P&O Princess Cruises plc (stock symbol in London and NYSE: POC) was a shipping company that existed between 2000 and 2003, operating the P&O Cruises, Princess Cruises, P&O Cruises Australia, A'Rosa Cruises, AIDA Cruises and Ocean Village branded cruise lines.  The company was formed from the de-merged passenger services of the Peninsular & Oriental Steam Navigation Company (P&O) and operated until 2003 when it was re-listed as Carnival plc following a merger with Carnival Corporation. Its registered office was in the City of Westminster, London.

History
P&O Princess Cruises originated from the Peninsular & Oriental Steam Navigation Company (P&O), founded in England in 1837. In 1844, the company began operating passenger services which were the forerunner of modern cruise holidays, and as such it became recognised as the world's oldest cruise line.

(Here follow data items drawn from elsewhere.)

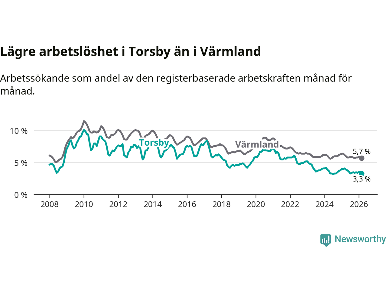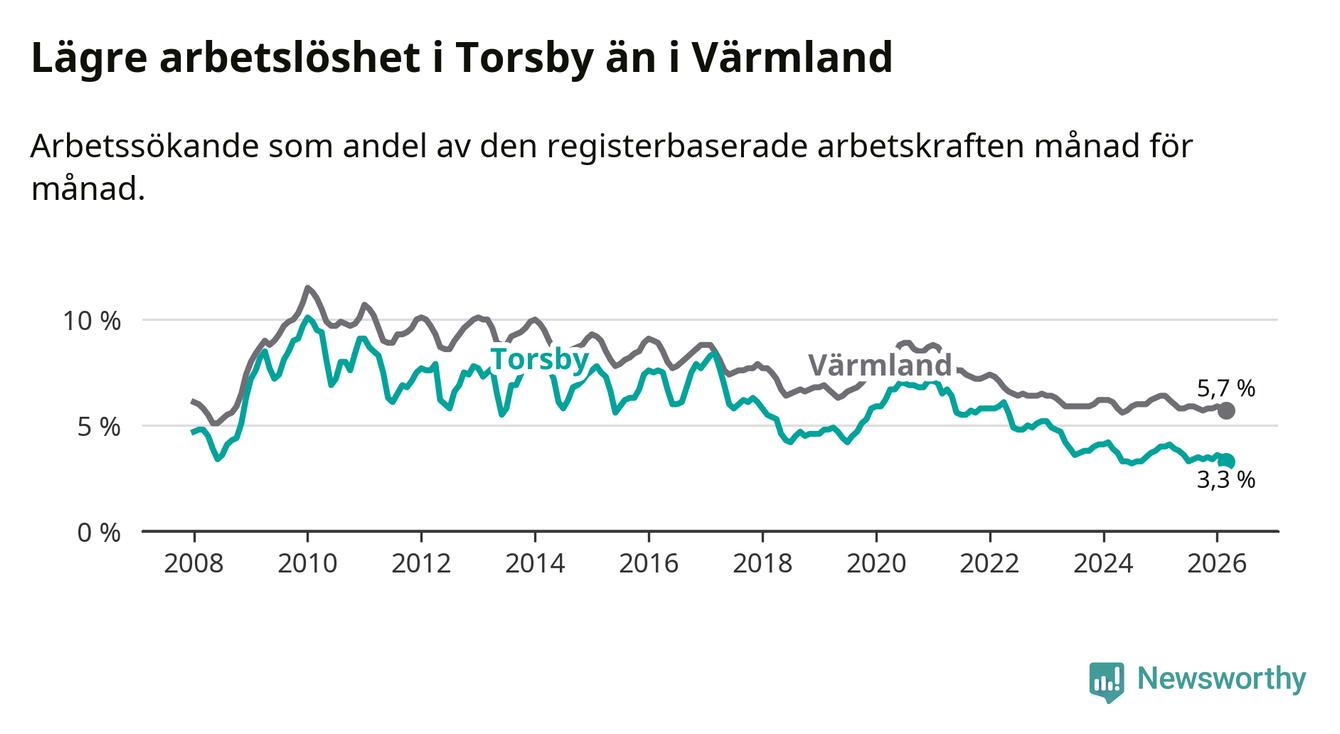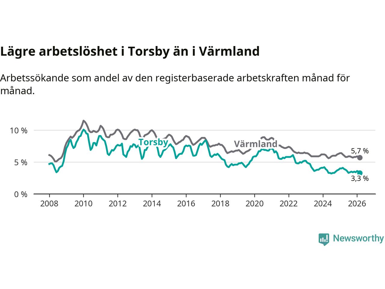 Torsby hade redan tidigare lägre arbetslöshet än snittet i hela Värmlands län och nu växer klyftan (3,3 procent i kommunen, jämfört med 5,7 procent i hela länet). Torsby har därmed även den lägsta arbetslöshetsnivån i länet. Filipstad har den högsta (8,4 procent).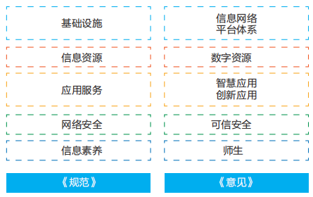 我们可以看到,《关于推进教育新型基础设施建设构建高质量教育支撑体系的指导意见》(以下简称“《意见》”)中所要求的新网络、新平台、新安全、新资源、新校园、新应用六个方面,与《规范》中提到的包括基础设施、信息资源、应用服务、网络安全、保障体系,基本一脉相承(如图1所示)。
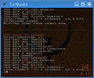 thandor.net - benchmark - Quake我们尝试在龙芯一体机下运行类似的测试,在文件夹中执行,使用320x200窗口模式运行TyrQuake(龙芯一体机的SM501显卡不支持全屏运行在不同分辨率下,会黑屏,如果遇到类似的情况,需要使用Ctrl+Alt+Backspace重启XWindow)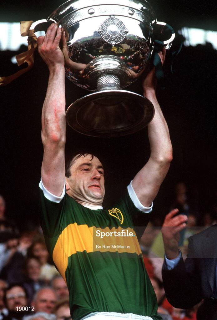 21 September 1986; Kerry captain Tommy Doyle lifts the Sam Maguire Cup after his side victory in the All-Ireland Senior Football Championship final between Kerry and Tyrone in Croke Park, Dublin. Photo by Ray McManus/Sportsfile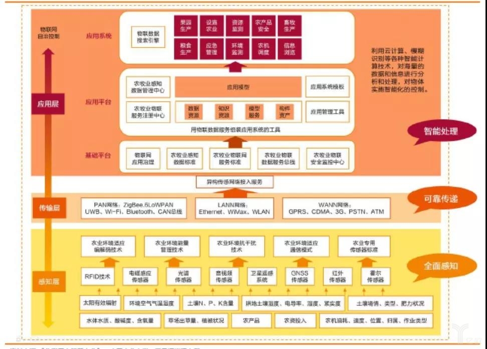 物(wu)(wu)聯(lian)網——海(hai)量(liang)農(nong)業(ye)數(shu)(shu)據(ju)實時獲取,奠定農(nong)業(ye)數(shu)(shu)字(zi)化(hua)基礎,農(nong)業(ye)物(wu)(wu)聯(lian)網是(shi)物(wu)(wu)聯(lian)網的重(zhong)(zhong)要應用領(ling)域,是(shi)數(shu)(shu)字(zi)農(nong)業(ye)中數(shu)(shu)據(ju)的主要來源。農(nong)業(ye)物(wu)(wu)聯(lian)網已(yi)被(bei)歐洲列(lie)為物(wu)(wu)聯(lian)網18 個重(zhong)(zhong)要發展方向之一(yi),同時也是(shi)我(wo)國物(wu)(wu)聯(lian)網9大領(ling)域重(zhong)(zhong)點示范(fan)工程(cheng)之一(yi)。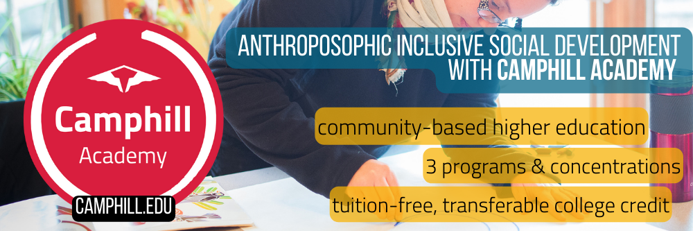 CALLING SOCIAL ARTISTS! Camphill Academy is accepting applications for fall 2024! At Camphill Academy, higher learning meets community living. Students can earn tuition-free, transferable college credit while living in one of 9 inclusive Camphill communities in the US. Camphill Academy offers 1-, 3-, and 5-year programs in Anthroposophic Inclusive Social Development, a field of work oriented towards transforming our communities to become inclusive of children, youth, and adults with intellectual disabilities. The curriculum features courses in agriculture, craft, education, disability studies, conflict resolution, visual and performing arts, inner work, anthroposophy, human development, and Goethean phenomenology.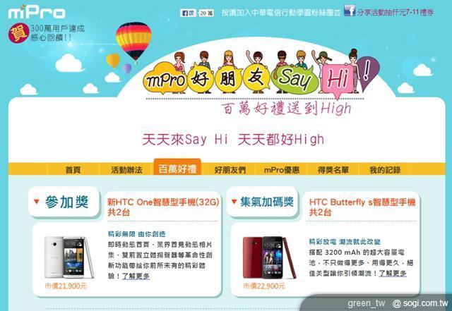 中華電信一向致力於傾聽客戶的需求,提供優質的上網與加值服務,為提昇 mPro 資費的多元性滿足更多客戶的需求,新增 mPro 550 型及 mPro 650 型資費,並於國內首創提供上網用量簡訊通知服務,幫助客戶輕鬆控管上網費用,提供客戶安心的手機上網服務!本次活動回饋 mPro 全資費客戶,凡 mPro 客戶至活動網站完成簡單的「Say Hi」步驟,就有機會把超熱門的新 hTC One 手機帶回家,參與「Say Hi」人次破 10 萬及 20 萬分別加碼抽 hTC Butterfly s 新款智慧手機!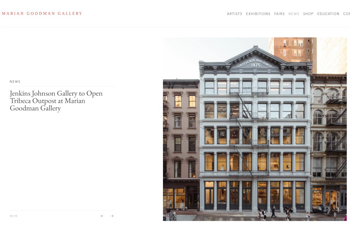 Screenshot of the Marian Goodman art gallery website in New York. Address: 24 West 57th Street, between Fifth and 6th Avenue.

In 1974, P&O acquired Princess Cruises, a North American cruise line founded in 1964 by Stanley McDonald. In 1977, P&O de-merged its passenger services division to form P&O Cruises. In 1988, P&O de-merged P&O Cruises' Australian operations, acquiring Sitmar Cruises, which led to the formation of P&O Cruises Australia.

In 1999, P&O acquired the Germany cruise line, AIDA Cruises. In 2000, P&O de-merged its cruise ship operations, forming a new company, P&O Princess Cruises Ltd. The company was listed on the London Stock Exchange, making it completely independent of the P&O Group. The company operated the P&O Cruises, P&O Cruises Australia, Princess Cruises and AIDA Cruises brands.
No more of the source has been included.